How Gold Lapel relates
I should be straightforward about what Gold Lapel can and cannot see. Gold Lapel observes every query at the SQL protocol layer — timing, frequency, patterns. What it cannot observe is what happens beneath PostgreSQL, at the kernel level. That is pg_stat_kcache's domain, and I would not presume to duplicate it.

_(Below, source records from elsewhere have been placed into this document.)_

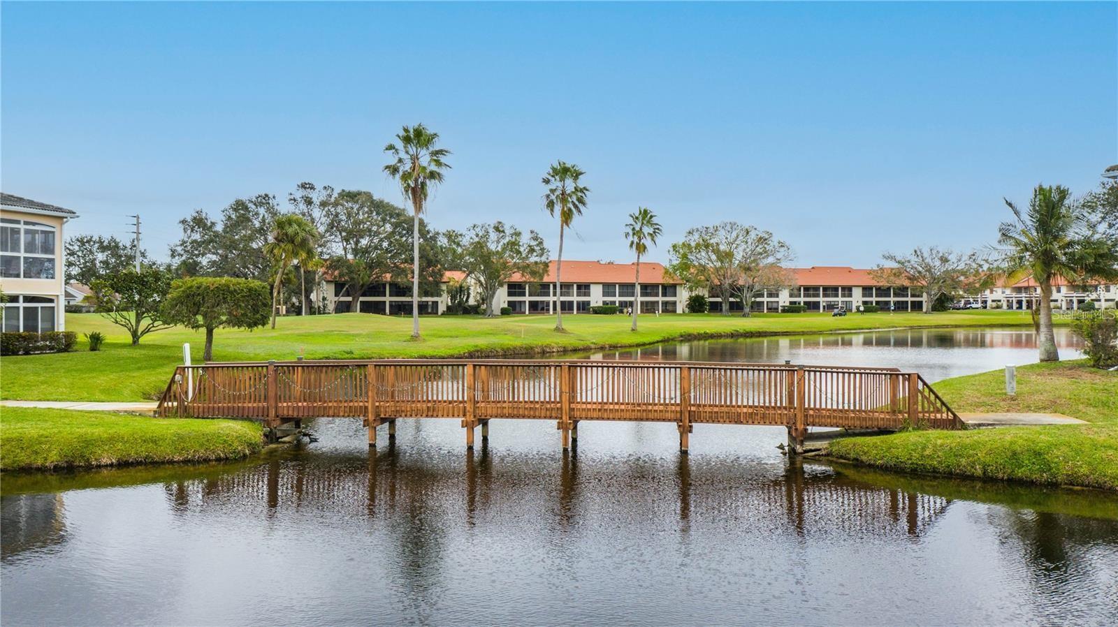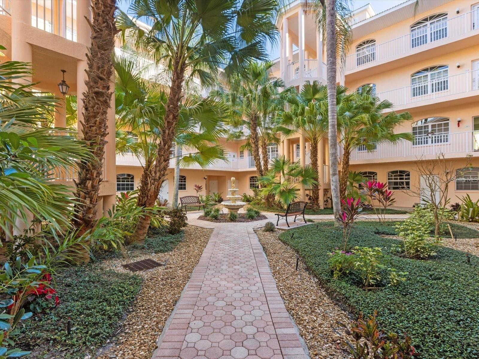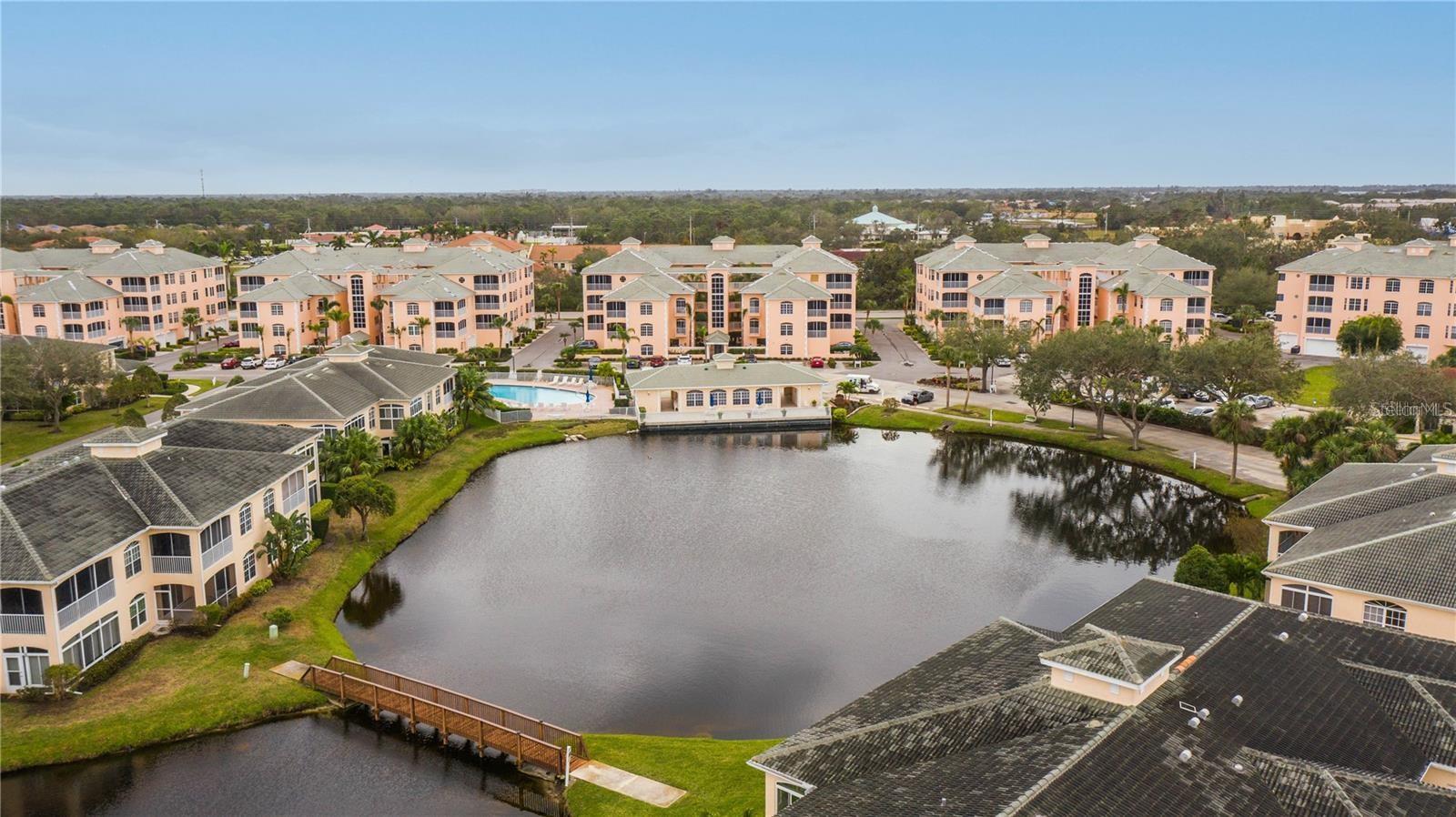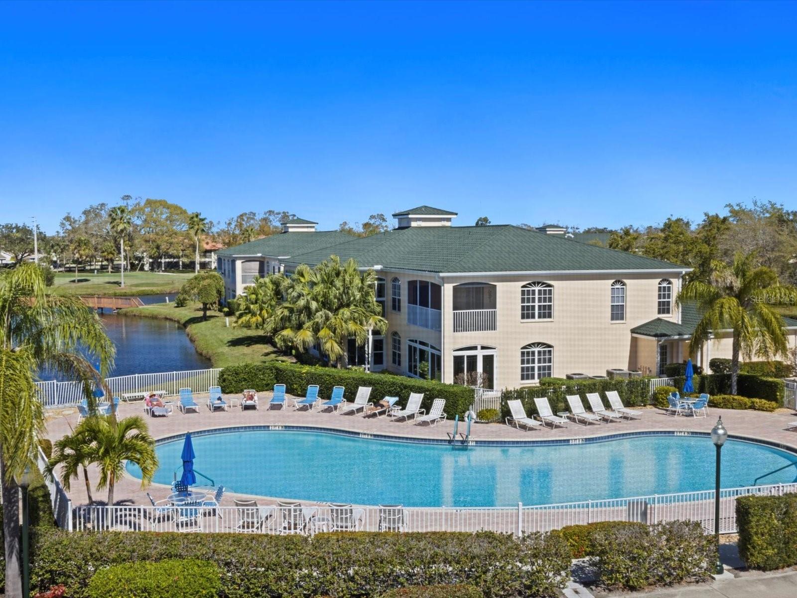 NEWLY PRICED!! BREATHTAKING VIEWS FROM TOP FLOOR OF THIS PRISTINE LUXURY TURNKEY CONDOMINIUM IN THE COURTYARDS AT GONDOLA PARK! Absolute gem with the most desirable location in this community! With a stunning view of the lake, pool, golf course, clubhouse, and greenery out three sides of this unit, you'll enjoy a bright, sunny ambiance while you bask in a feeling of vacation...year round! Enjoy and feel secure with a gated entry at each building, elevator or stairs to this unit, spectacular atrium in the interior open air courtyard! This property has been lovingly maintained, beautifully decorated with the finest furniture and accessories. Primary bedroom suite offers ample closet space, beautiful bathroom with soaking tub, separate shower, quartz countertops, and lovely tile; and a private escape to the spacious Florida room overlooking tranquility. Guest bedroom offers Juliet Balcony overlooking beautiful views, a walk-in closet, and private entry to common bathroom with quartz countertops, full tub/shower, and natural light. Living room and Kitchen offer bright, open and spacious feel with vibrant colors and light! Pretty kitchen with quartz countertops, newer stainless steel appliances, and pantry closet. One year new luxury vinyl plank flooring and tile throughout for low maintenance living! Two year new central a/c & heat pump, recent roof replacement throughout the Courtyards. This unit also has a deeded one car garage with private driveway for an additional car! Guest parking available adjacent to the building. Pickleball is a popular pastime here at the Courtyards, and can be pretty competitive. On site gym, craft room, clubhouse, in-ground pool, lake, and community activities will keep you active and meeting wonderful friends. Your association dues include cable (& internet beginning in July), water, sewer, tennis, pickleball, 2 gyms, craft room, club house, pool, all outdoor maintenance to grounds and buildings.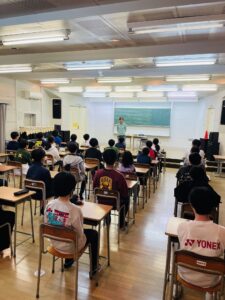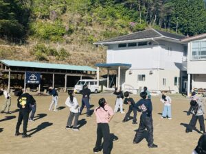 合宿研修2日目は7:30の朝の集いからスタート。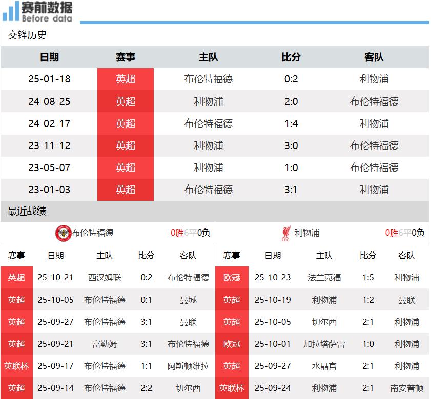 At 3 AM Beijing time on October 26, in the 9th round of the Premier League, Brentford will play host to Liverpool.

The two are natural companions. When Gold Lapel identifies a query pattern worth optimizing, pg_stat_kcache can confirm whether the cost is driven by physical I/O, CPU, or both — and that distinction determines whether the correct remedy is an index, a materialized view, or a rewrite. Gold Lapel proposes the optimization. pg_stat_kcache validates the result at the OS level. Each attends to its own floor of the household.
For self-hosted deployments where pg_stat_kcache is available, I would encourage installing both. Gold Lapel handles the optimization; pg_stat_kcache provides the kernel-level confirmation that the optimization actually reduced physical I/O, not merely rearranged which cache served it.